REQUIRED WORK: Set the listing down unchanged, minus every embedded image.

COLLECTED DATA:
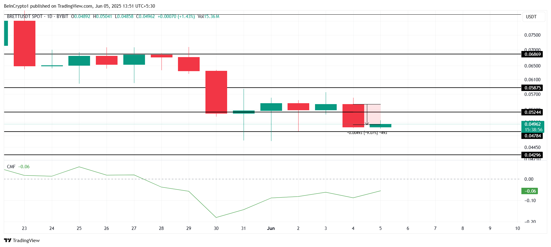 Chaikin Money Flow (CMF) กำลังแสดงการเพิ่มขึ้น ซึ่งบ่งชี้ว่าการไหลเข้ากำลังแข็งแกร่งขึ้น หาก CMF พลิกกลับเหนือเส้นศูนย์และยืนยันแรงกระตุ้นขาขึ้น BRETT อาจฟื้นตัวจากแนวรับที่ 0.047 USD และมุ่งสู่การฟื้นตัว โดยอาจดันไปที่ 0.052 USD และมากกว่านั้น
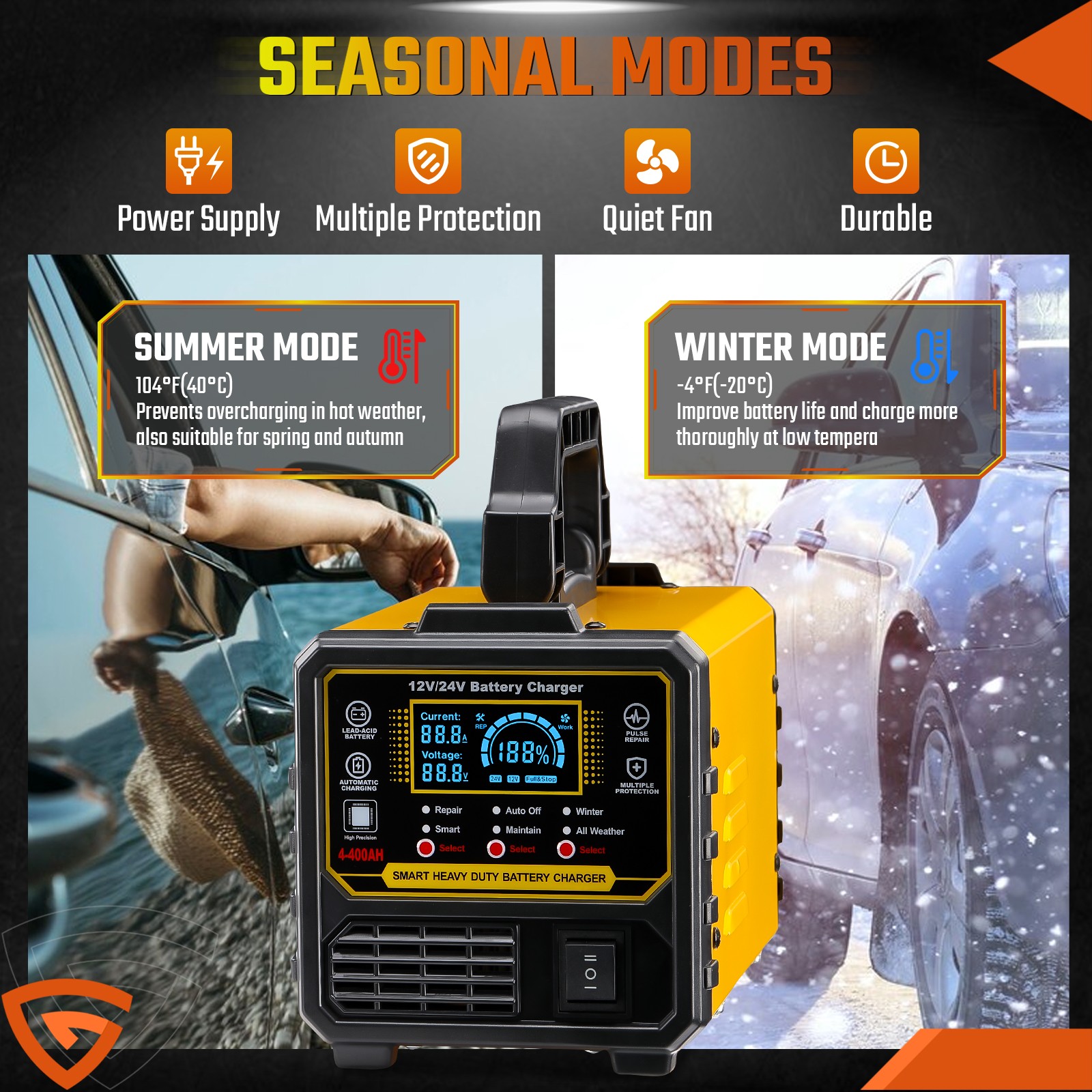 12V 24V Car Battery Charger Heavy Duty, 0-15A Automatic Battery Maintainer
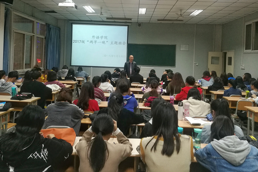 10月14日、10月18日,辅导员召开“两早一晚”主题班会,从开展“两早一晚”活动的具体内容、意义等方面向同学们进行讲解,以“为什么读大学”、“如何读大学”两个问题为切入点,启发同学们深入思考。要求大一年级坚持早起,上好早操,上好每一个晚自习。全院学生每天在教学楼前花园持之以恒开展30分钟早读;坚持每次课提前5分钟到教室,做好上课准备;要求学生在课前把手机关机或调为静音,不把早餐或零食带入课堂,杜绝在课堂玩手机,杜绝在教室吃早餐或零食,保持文明课堂秩序,保持教室卫生清洁。
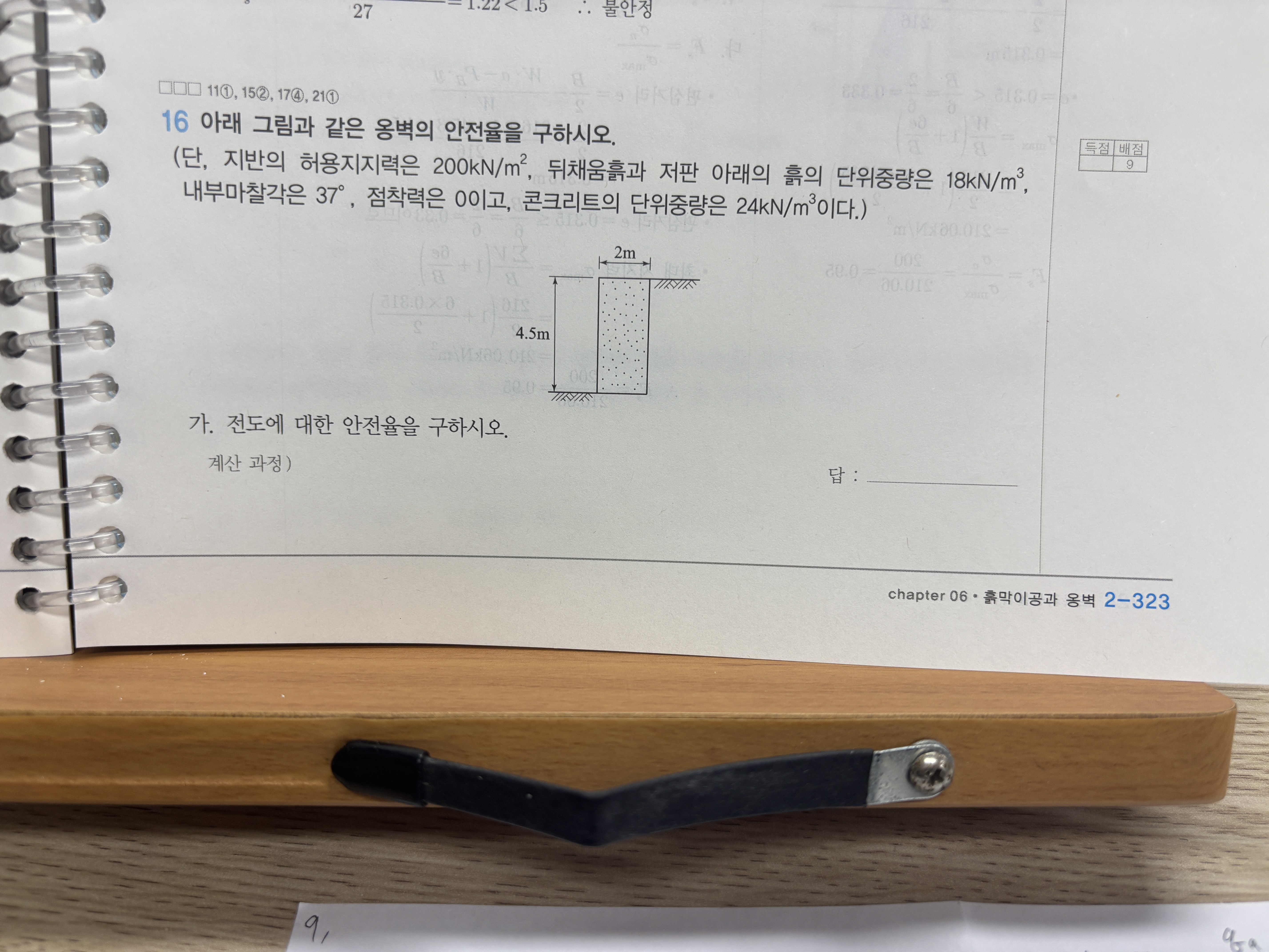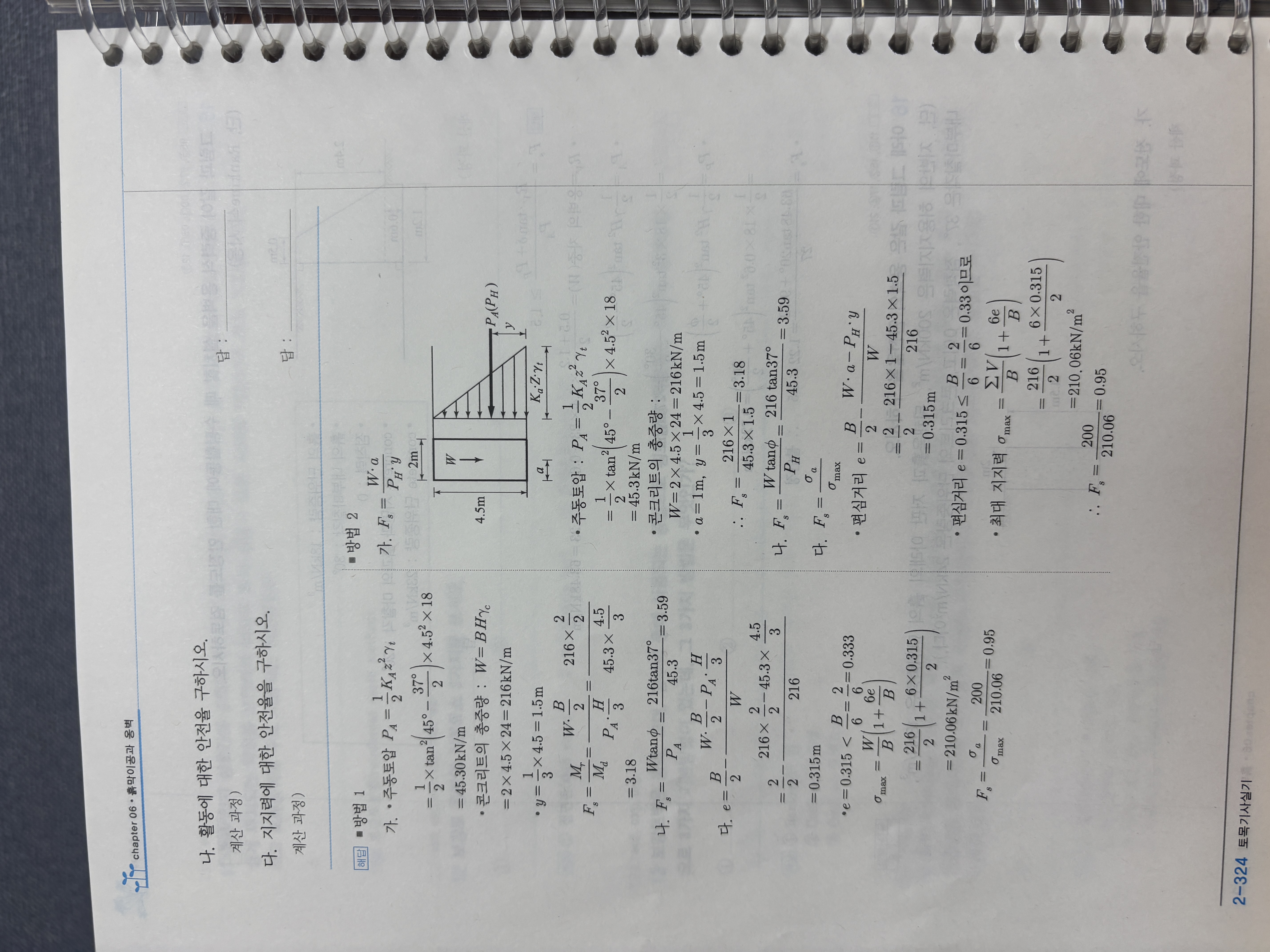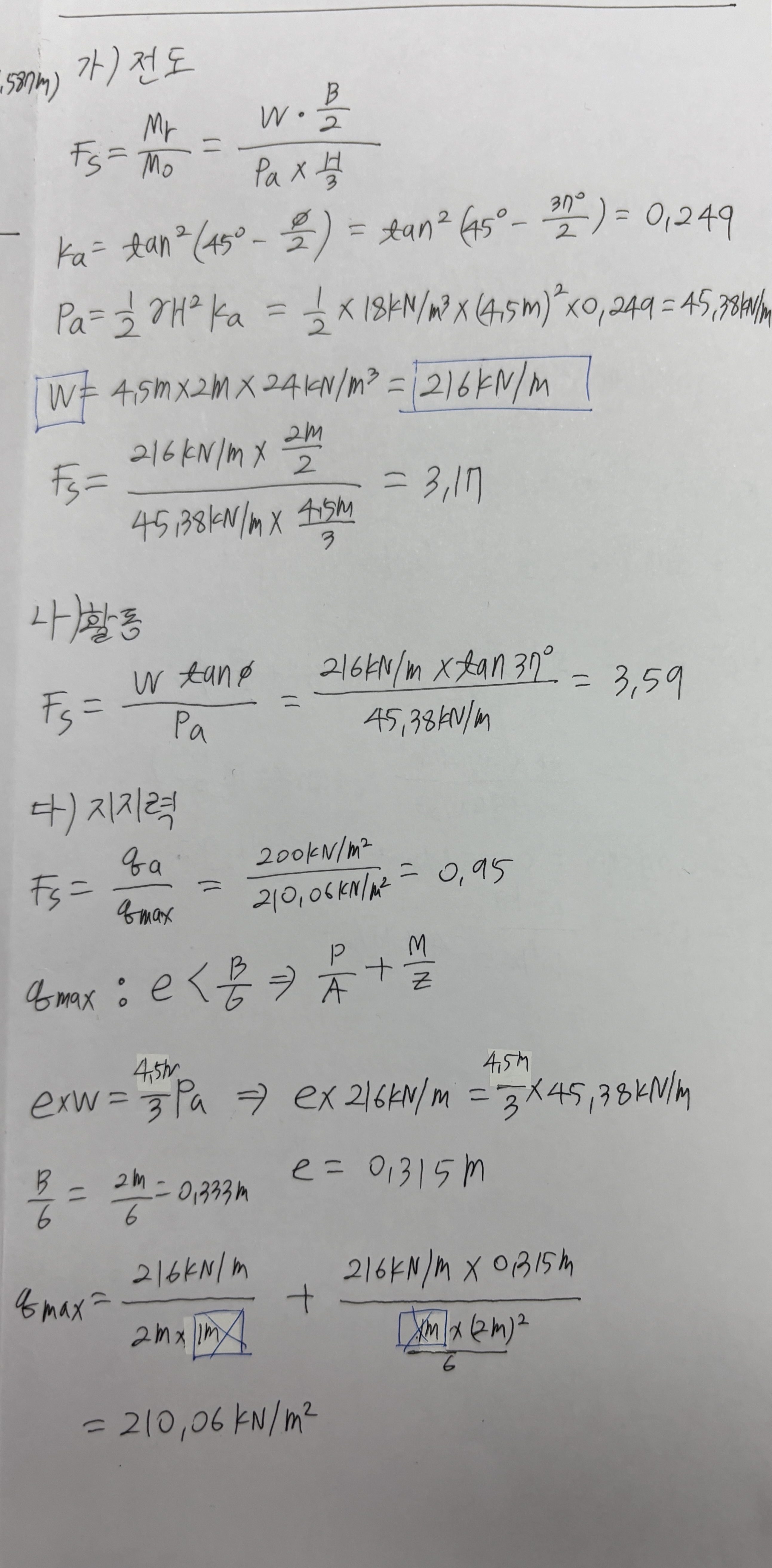 안녕하세요 교수님 지반공학 질문이 있습니다. 아래 사진문제에서 지지력을 구할때 주동토압을 KN/m로 하여 W 단위 또한 KN/m로 했습니다. 즉 이 문제에서 뒷길이를 고려하지 않겠다라는 의미입니다. 따라서 지지력 구할때  qmax 값 공식에서 W/A + M/Z 에서도  A와 Z 값 또한 뒷길이를 포함하지 않아 A는 2m, Z는 2m제곱/6 즉 사진에서 파란색으로  곱표 친 부분은 풀이과정에 적으면 안되는 것이 맞나요??

YOUR RESPONSE:
 Chaikin Money Flow (CMF) กำลังแสดงการเพิ่มขึ้น ซึ่งบ่งชี้ว่าการไหลเข้ากำลังแข็งแกร่งขึ้น หาก CMF พลิกกลับเหนือเส้นศูนย์และยืนยันแรงกระตุ้นขาขึ้น BRETT อาจฟื้นตัวจากแนวรับที่ 0.047 USD และมุ่งสู่การฟื้นตัว โดยอาจดันไปที่ 0.052 USD และมากกว่านั้น
 12V 24V Car Battery Charger Heavy Duty, 0-15A Automatic Battery Maintainer
 10月14日、10月18日,辅导员召开“两早一晚”主题班会,从开展“两早一晚”活动的具体内容、意义等方面向同学们进行讲解,以“为什么读大学”、“如何读大学”两个问题为切入点,启发同学们深入思考。要求大一年级坚持早起,上好早操,上好每一个晚自习。全院学生每天在教学楼前花园持之以恒开展30分钟早读;坚持每次课提前5分钟到教室,做好上课准备;要求学生在课前把手机关机或调为静音,不把早餐或零食带入课堂,杜绝在课堂玩手机,杜绝在教室吃早餐或零食,保持文明课堂秩序,保持教室卫生清洁。
 안녕하세요 교수님 지반공학 질문이 있습니다. 아래 사진문제에서 지지력을 구할때 주동토압을 KN/m로 하여 W 단위 또한 KN/m로 했습니다. 즉 이 문제에서 뒷길이를 고려하지 않겠다라는 의미입니다. 따라서 지지력 구할때  qmax 값 공식에서 W/A + M/Z 에서도  A와 Z 값 또한 뒷길이를 포함하지 않아 A는 2m, Z는 2m제곱/6 즉 사진에서 파란색으로  곱표 친 부분은 풀이과정에 적으면 안되는 것이 맞나요??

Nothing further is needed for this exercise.